In our extensive study of the Columbia space shuttle accident, Amy Edmondson, Richard Bohmer, and I examined the culture and leadership at NASA. Specifically, we analyzed the forces that made it difficult for engineers such as Rodney Rocha to speak up regarding their safety concerns, and we looked at how leaders did not ask probing questions to elicit dissenting views.
When I teach the case to engineers and other technical experts, I often hear them say that management needs to understand how to ask engineers the right questions, and how to interpret their results. They argue that engineers were not going to scream, "There is a safety-of-flight risk!" unless they had conclusive evidence. The engineers' lack of complete certainty might lead to them to give answers that that are interpreted incorrectly by management.

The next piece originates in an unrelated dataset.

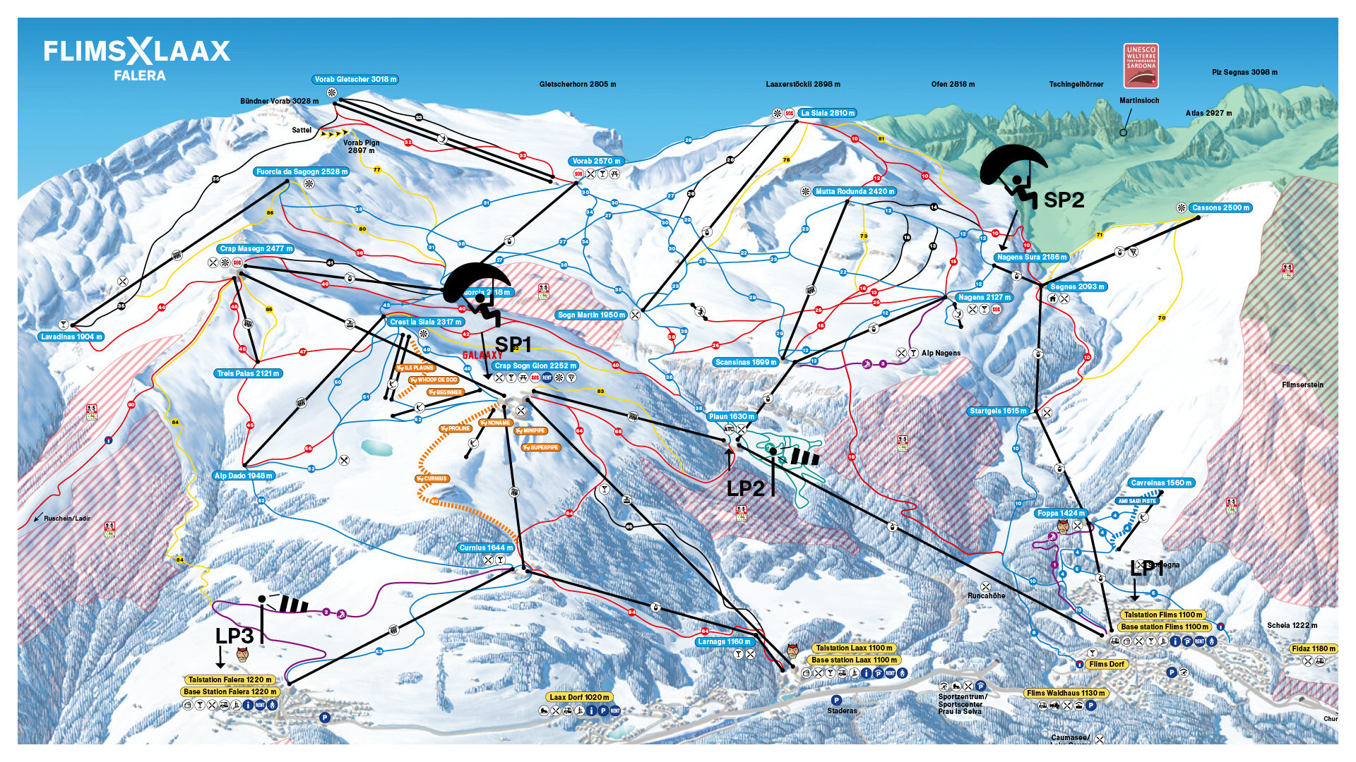 Die Destination Flims Laax bietet mehrere Start- und Landeplätze an, die einfach mit der Bergbahn erreichbar sind. Einer liegt beim Crap Sogn Gion auf 2200 m.ü.M., welcher mit der Luftseilbahnbahn von Laax Murschetg aus zu erreichen ist. Ein zweiter Startplatz befindet sich direkt bei der Bergstation Nagens Sura auf ca. 2100 m.ü.M., zu dem man mit der Goldelbahn FlemX kommt. Um die Bedingungen vor dem Abflug zu prüfen dienen als Hilfestellung die installierten Webcams und Windanlagen, welche auf der LAAX App ersichtlich sind. Für die Landeplätze stehen oberhalb von Falera sowie Flims-Dorf und auf der Ebene Plaun Zonen für die Landung zur Verfügung.

Organizational leaders might be looking for a definitive statement expressing alarm and grave concern, but they won't get it if there is scientific uncertainty.
Today, I ran across a good quote (in Fast Company) from Google's long-time Chairman and CEO, Eric Schmidt, regarding this issue. Scmidt explains how you have to ask multiple questions, in different ways, to make sure you are getting the whole picture when working with technical experts:
They are taught to think logically. If you ask engineers a precise question, they will give you a precisely truthful answer. That also tends to mean that they’ll only answer the question that you asked them. If you don’t ask them exactly the right question, sometimes they’ll evade you — not because they’re lying but because they’re being so scrupulously truthful.”